Chemmeen is a landmark in Indian cinema not just for its immersive storytelling, but additionally because it is a truly all-India project, its credits serving as a roll call of cross-country icons: cinematographer Marcus Bartley, Hrishikesh Mukherjee as editor, and music by Salil Chowdhury making his Malayalam debut here with a soundtrack featuring singers K. J. Yesudas, P. Leela and several other artistes, including, for one song, Manna Dey.
— Anna M. M. Vetticad, Firstpost.

Chemeen is regarded as a classic in Indian cinema and has achieved cult status in Malayalam cinema; one of Kariat's most celebrated films, regarded by critics as a masterpiece of Malayalam cinema, credited with simultaneously helping to popularize South Indian cinema in the North and influencing later South Indian films. It became the first South Indian film to win President's Gold Medal for the Best Film. The film also became the first Indian film to win the Certificate of Merit at the Chicago International Film Festival and the Gold Medal at the Cannes Film Festival. The Kerala State government conducted the golden jubilee celebrations of Chemmeen on 8 April 2017 in Alappuzha. CM Pinarayi Vijayan had inaugurated the event.

In March 2019, C. S. Venkiteswaran of The Hindu wrote, "Omnipotent and omnipresent like the sea is the presence of the milieu; never before has the life of fisherfolk in all its beauty and misery been portrayed more vividly in Malayalam cinema. Even when they bicker and fight, they readily share all the sorrows and celebrations of life." He further writes, "Chemmeen worked with the most elemental in individual and society, communal and personal life, human emotions and yearnings, which may be the reason why it still holds its mercurial charm." In September 2020, Anna M. M. Vetticad of Firstpost wrote, "Ramu Kariat's Chemmeen gave me my maiden memory of being mesmerized by the visual aspect of the audiovisual media.
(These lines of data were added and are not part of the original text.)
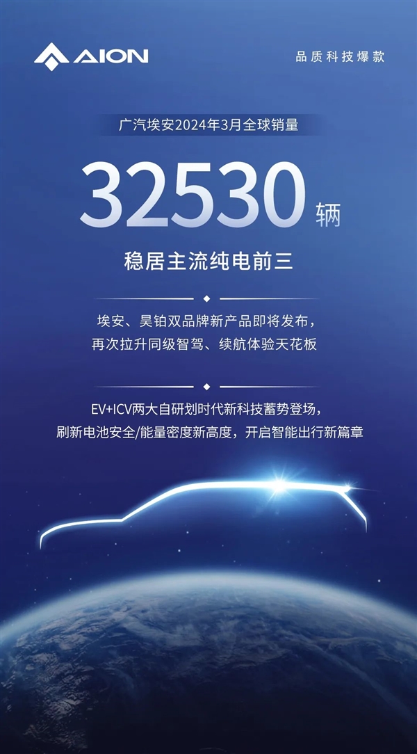 广汽埃安3月狂卖32530辆:近乎翻倍 稳居主流纯电前三
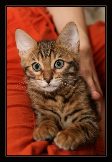 Kupídek je překrásný kocourek.U nás je to poměrně nová rasa.Poprvé se začal objevovat na výstavách v 2.pol.90 let.Už tenkrát se mi moc líbil.Ale já jsem měla černého britského EC.Bengálský kocourek je trošku vztekloučký a rád syčí.Ale to Vy velkým rozmazlováním a hraním určitě zvládnete.
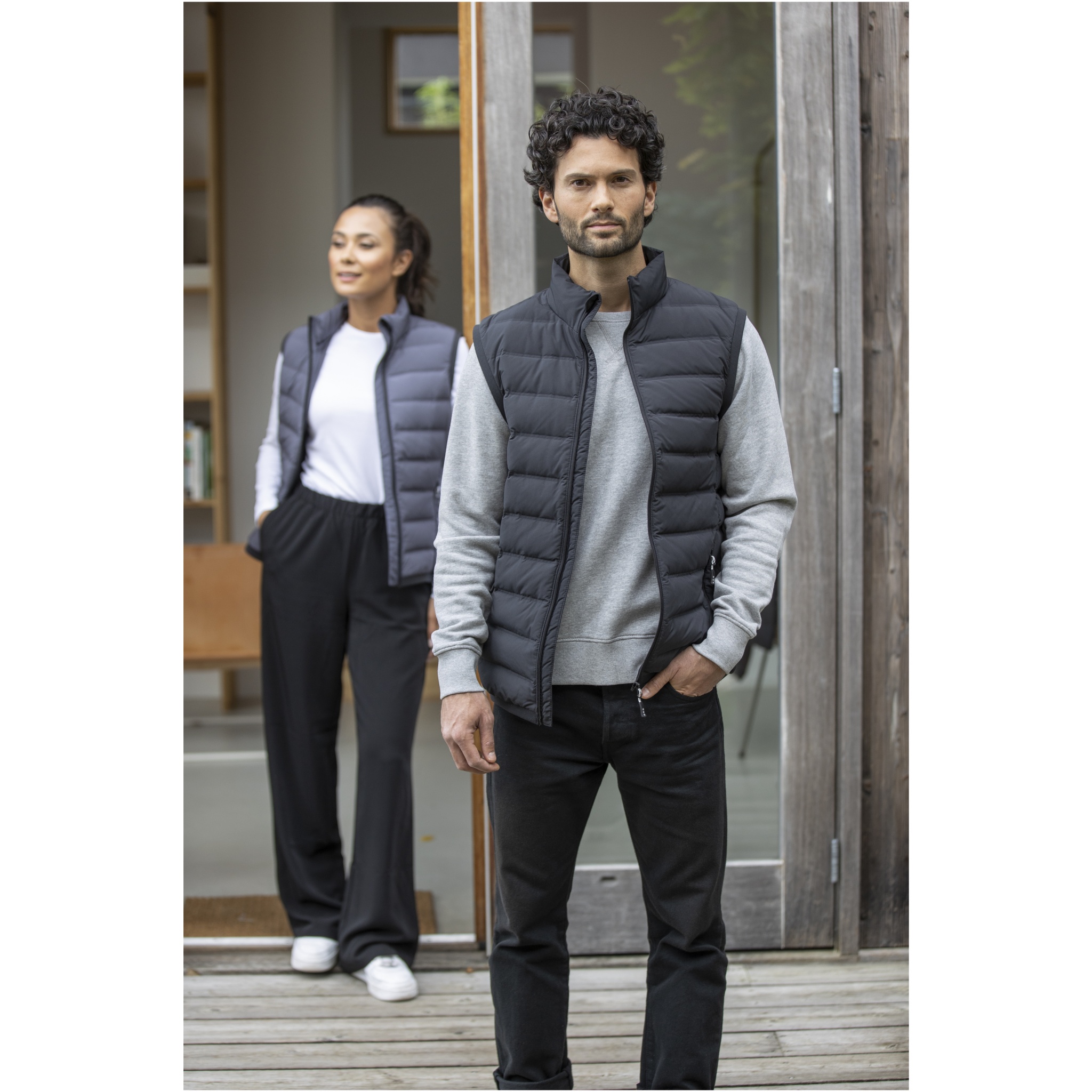 The Caltha men's insulated down bodywarmer – a versatile and eco-friendly outerwear piece. Made of 164 g/m² 750T woven double layer pongee fabric in polyester. The matte fabric in combination with heat seal quilting gives the bodywarmer a modern look while enhancing the overall insulation. Embrace eco-consciousness with RDS certified recycled down insulation of recycled down and recycled feathers, providing warmth without compromising on ethical standards. With an inner storm flap, chinguard, and flat knit elasticated rib cuffs, this bodywarmer offers maximum protection against the elements. The front pockets with zipper closure add convenience and functionality. Embrace both style and ethical values with the Caltha bodywarmer, perfect for any outdoor adventure or daily wear.
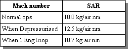 Some rough Specific Air ranges are used for the B727. They are:

In February 2022, Piyush Roy of The Hindu called Chemmen "A highpoint of Malayalam cinema" and called it "a fine artistic work of human passion." and praised its soundtrack in particular, which Roy felt was the highpoint of the film. He writes, "The high point of Chemmeen, however, is its music that brings together a talented pool of music-makers from north and south. Bollywood music director Salil Chowdhury weaves a timeless score, as he captures the unique sounds of the kaleidoscopic setting."

In 2013, in an online poll conducted by CNN-IBN on their website as part of the 100 years celebration of Indian cinema, Chemmeen came 23rd in the poll for finding the "greatest Indian film ever". In 2017, Kamal Haasan included the film in his list of 70 favorite movies, stating "Chemeen ceased to be a Malayalam film, it became the pride of south India, a national film. It's a grown-up love story. The music by Salil Chowdhury, the editing by Hrishikesh Mukherjee, the direction by Ramu Kariat...today it looks like a simple film. But it's stunning." In 2005, Mohanlal listed Chemeen in his list of top ten best Indian films of all time, stating "Chemmeen is a classic. Even today, its charm has not diminished." In 2016, on the occasion of India celebrating its 70th Independence day, news agency NDTV compiled a list called "70 Years, 70 Great Films" and Chemmen was among the four Malayalam films that found place in the list.

== Bibliography ==
- Gupta, CD (1980). "New Directions in Indian Cinema"
- B. Vijayakumar (2010). "Chemmeen 1965"
- "Celebrating 40 years of a movie classic" (2005)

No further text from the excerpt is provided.